### Instructions for the task
If pictures appear in the lines below, skip them and copy exactly the lines from the one containing "ودونك الْمجَاز يَا" through the one containing "Branche de magnolia", and nothing else.

### The data
========

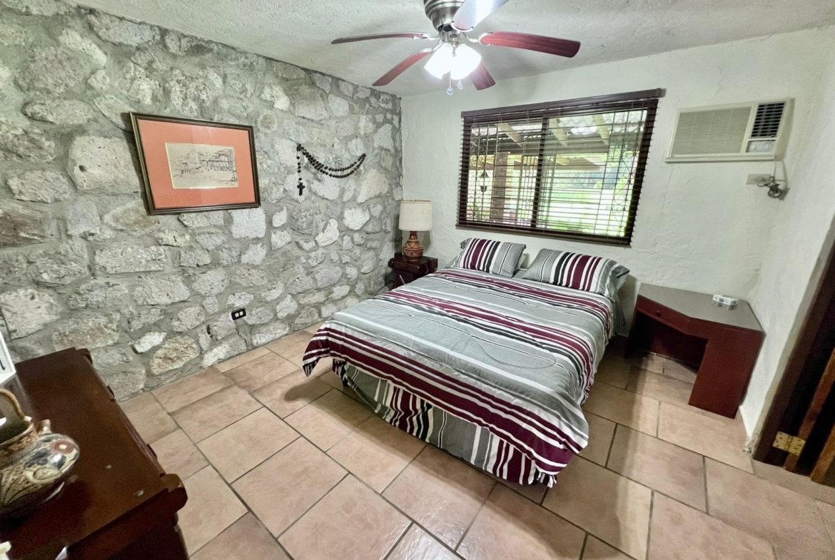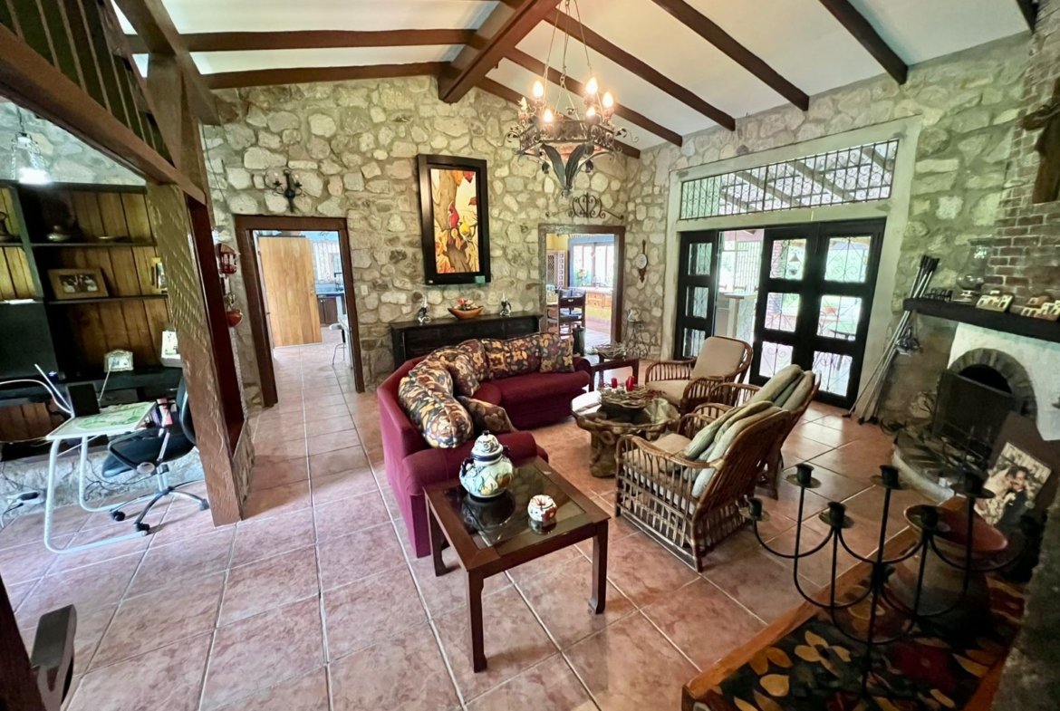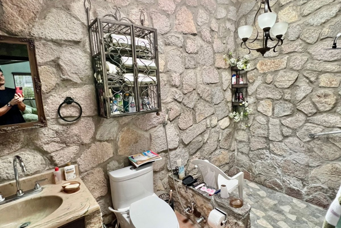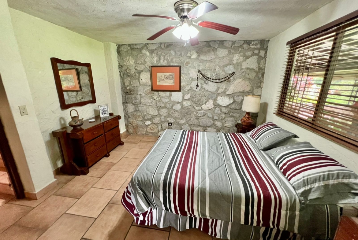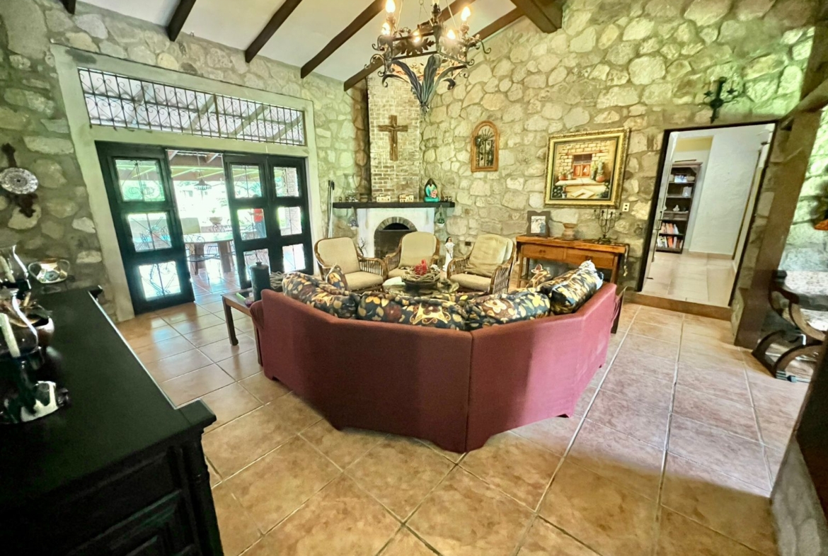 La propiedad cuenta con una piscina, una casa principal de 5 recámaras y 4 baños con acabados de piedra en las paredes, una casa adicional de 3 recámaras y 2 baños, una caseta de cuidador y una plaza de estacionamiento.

========

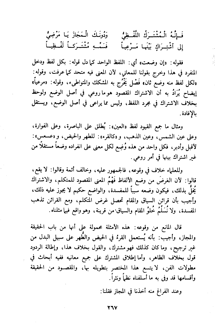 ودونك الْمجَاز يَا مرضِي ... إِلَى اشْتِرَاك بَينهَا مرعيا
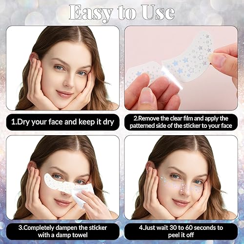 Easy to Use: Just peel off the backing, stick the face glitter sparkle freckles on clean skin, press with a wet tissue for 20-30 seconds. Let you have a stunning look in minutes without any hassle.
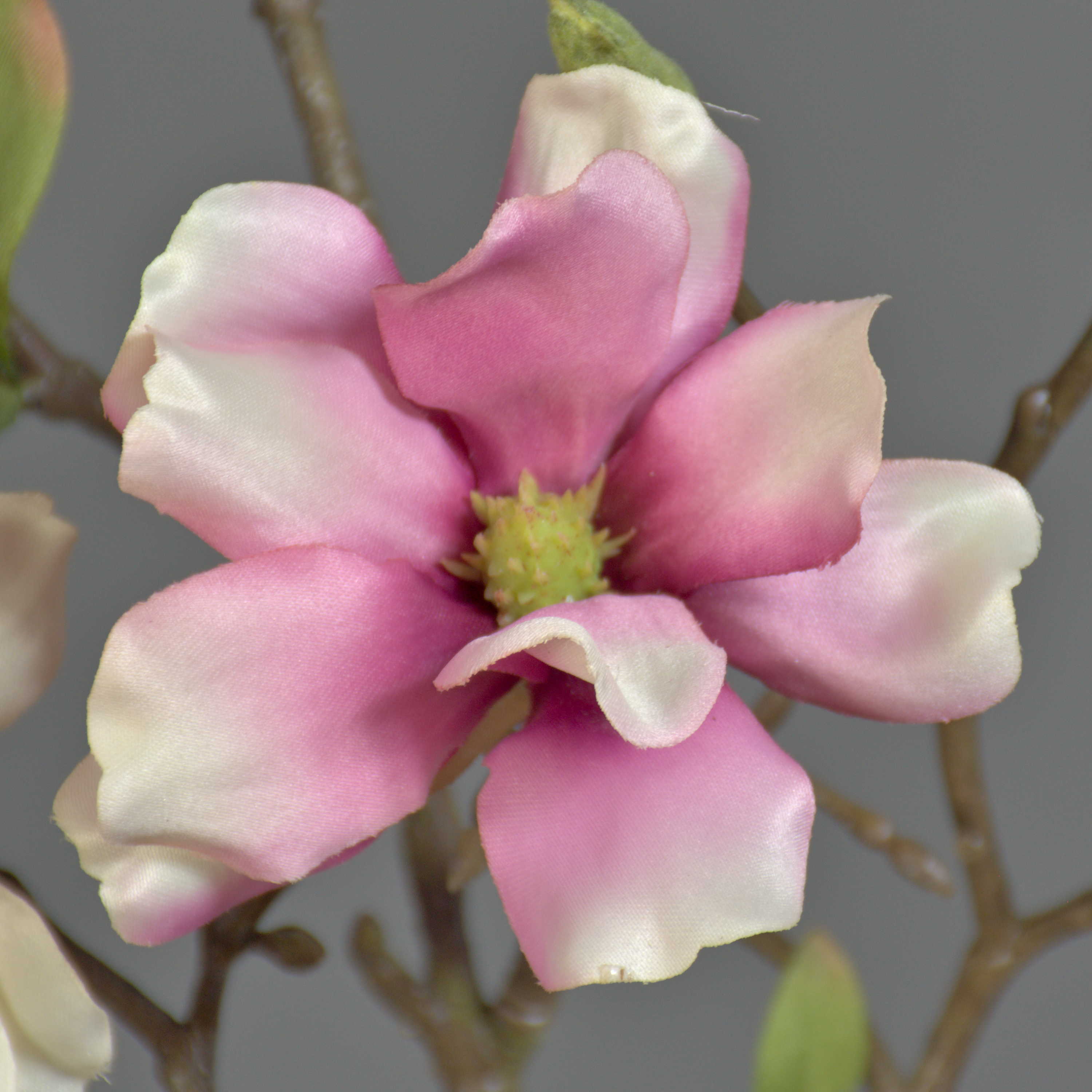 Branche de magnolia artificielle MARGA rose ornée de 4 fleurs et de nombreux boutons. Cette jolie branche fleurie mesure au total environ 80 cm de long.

========

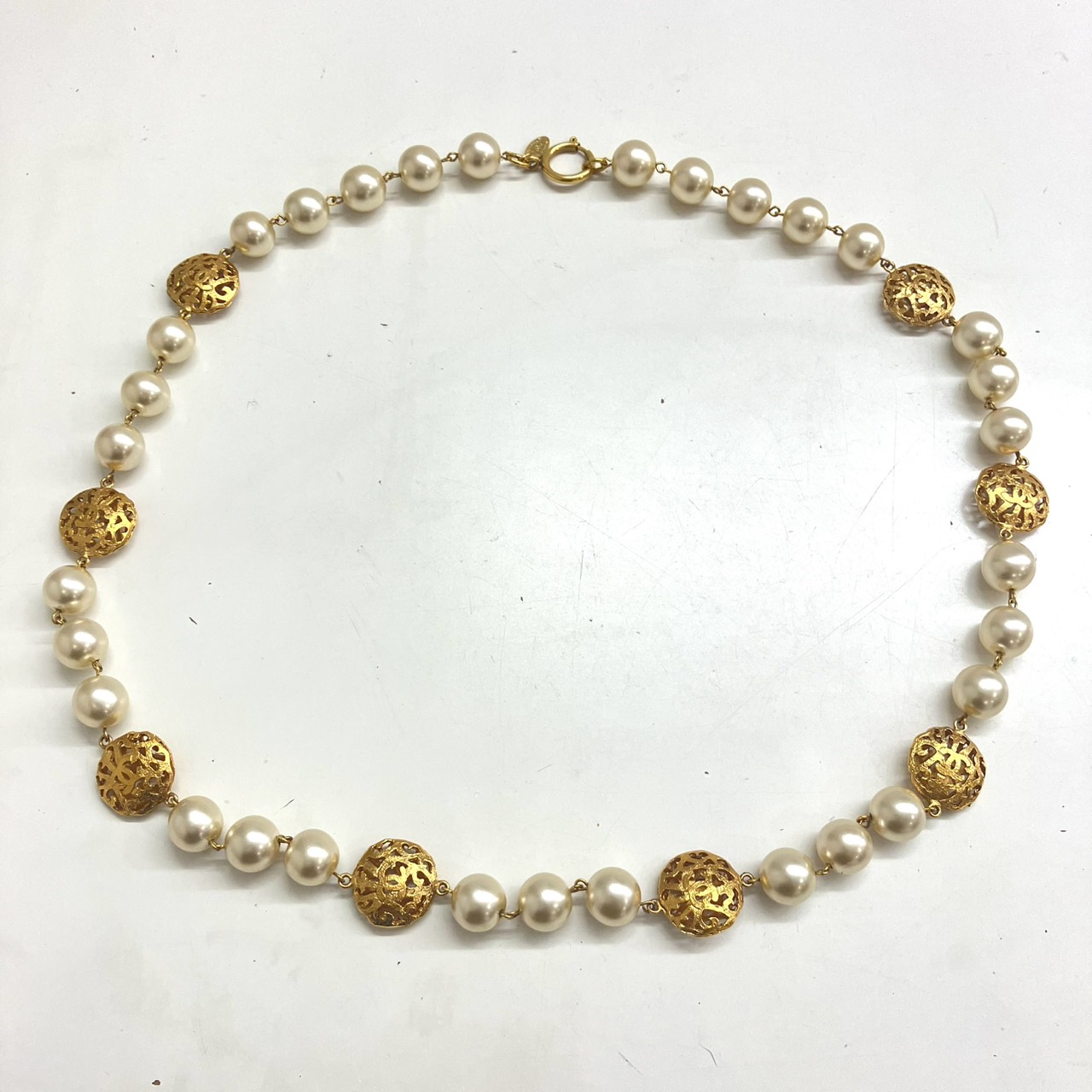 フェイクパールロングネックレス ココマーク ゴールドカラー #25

========

### Task answer
 ودونك الْمجَاز يَا مرضِي ... إِلَى اشْتِرَاك بَينهَا مرعيا
 Easy to Use: Just peel off the backing, stick the face glitter sparkle freckles on clean skin, press with a wet tissue for 20-30 seconds. Let you have a stunning look in minutes without any hassle.
 Branche de magnolia artificielle MARGA rose ornée de 4 fleurs et de nombreux boutons. Cette jolie branche fleurie mesure au total environ 80 cm de long.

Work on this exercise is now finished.